Restaurant information
- Food type: Chinese
- Location: 617 South Jackson Street, Seattle, Washington, 98104, United States
- Coordinates: 47°35′56.6″N 122°19′32.2″W﻿ / ﻿47.599056°N 122.325611°W
- Website: dimsumkingwa.com

= Dim Sum King =

Chinese restaurant in Seattle, Washington, U.S.

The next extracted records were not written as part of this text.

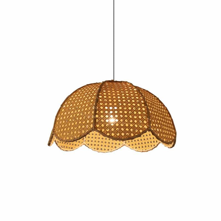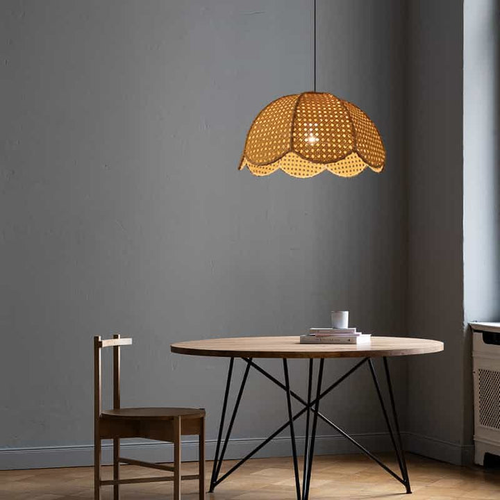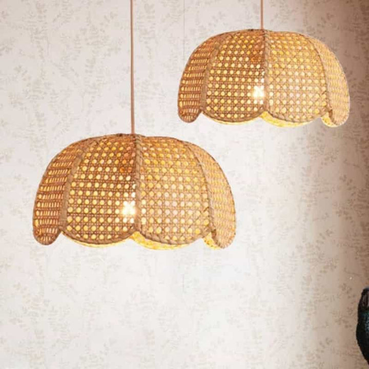 Handgewebte Rattan-Pendelleuchte in Blumenform
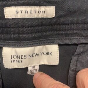 Jones New York Sport Stretch Black Bermuda Shorts. Size 10.Worn but still in good shape. Metal zipper and 2 buttons closure. 2 front pockets and 2 back.
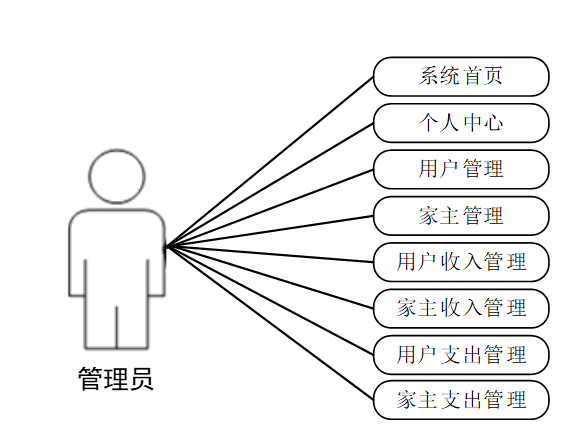 (2)管理员可以对系统首页,个人中心,用户管理,家主管理,用户收入管理,家主收入管理,用户支出管理,家主支出管理等进行基本的信息管理。其用例分析如图3-2所示。
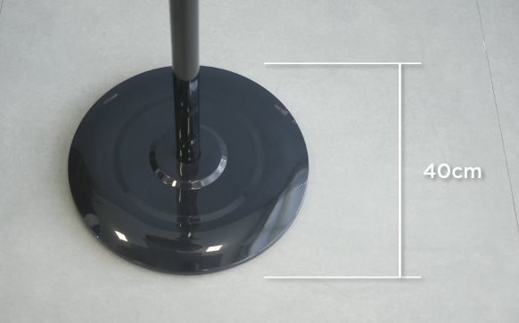 A base também é diferente aqui é basicamente um disco com 40 cm de diâmetro feito em plástico lustroso e uma peça que serve como peso para deixar o conjunto estável. Que por sinal é um pouco estranho nesse ventilador já que ele tende a ficar meio bambo, principalmente se o parafuso de baixo não estiver bem apertado.
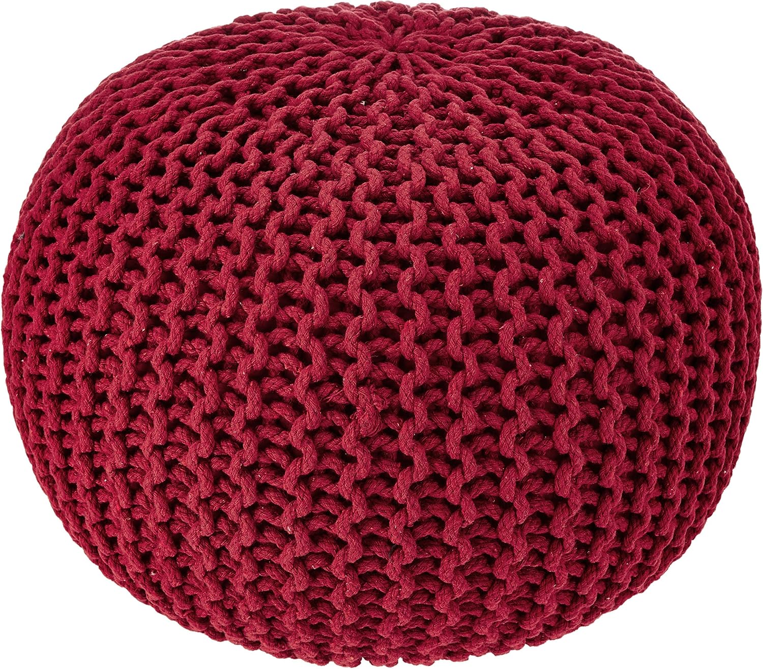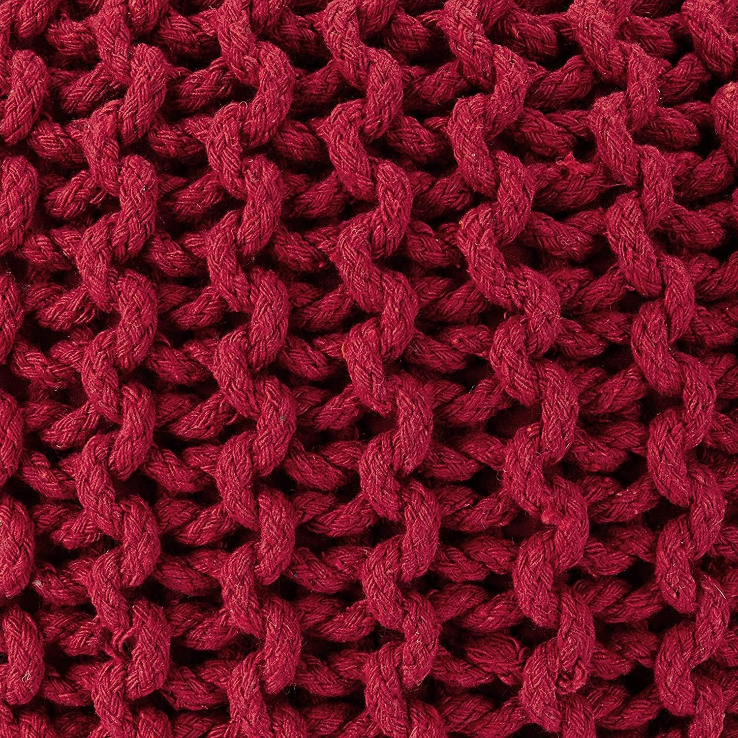 REDEARTH Round Pouf Ottoman - Hand Knitted Cable Boho Poof - Foot Stool Bean Bag - Home Décor Stuffed Footrest for Living Room - Nursery - Bedroom - 100% Cotton Poufs (19.5"x19.5"x14") - Red

Dim Sum King (點心皇 (点心皇)) is a Chinese restaurant in Seattle, in the U.S. state of Washington.

== Description ==
The restaurant offers dim sum a la carte; the menu has included thousand year egg congee and egg tarts. Seattle Refined's list of women-owned businesses says, "Fast service and inexpensive prices make this spot a go-to for people on the run with a craving for dumplings, buns and egg tarts."

== History ==
In 2020, the restaurant closed temporarily during the COVID-19 pandemic and was vandalized. The restaurant's exterior was painted by local artists. Additionally, a car crashed into the restaurant, injuring seven people.

== Reception ==
Leonardo David Raymundo and Ryan Lee included the restaurant in Eater Seattles 2021 list of "14 Delightful Dim Sum Restaurants in the Seattle Area". Dum Sum King was included in The Infatuation's 2025 list of the 25 best restaurants in the Chinatown–International District.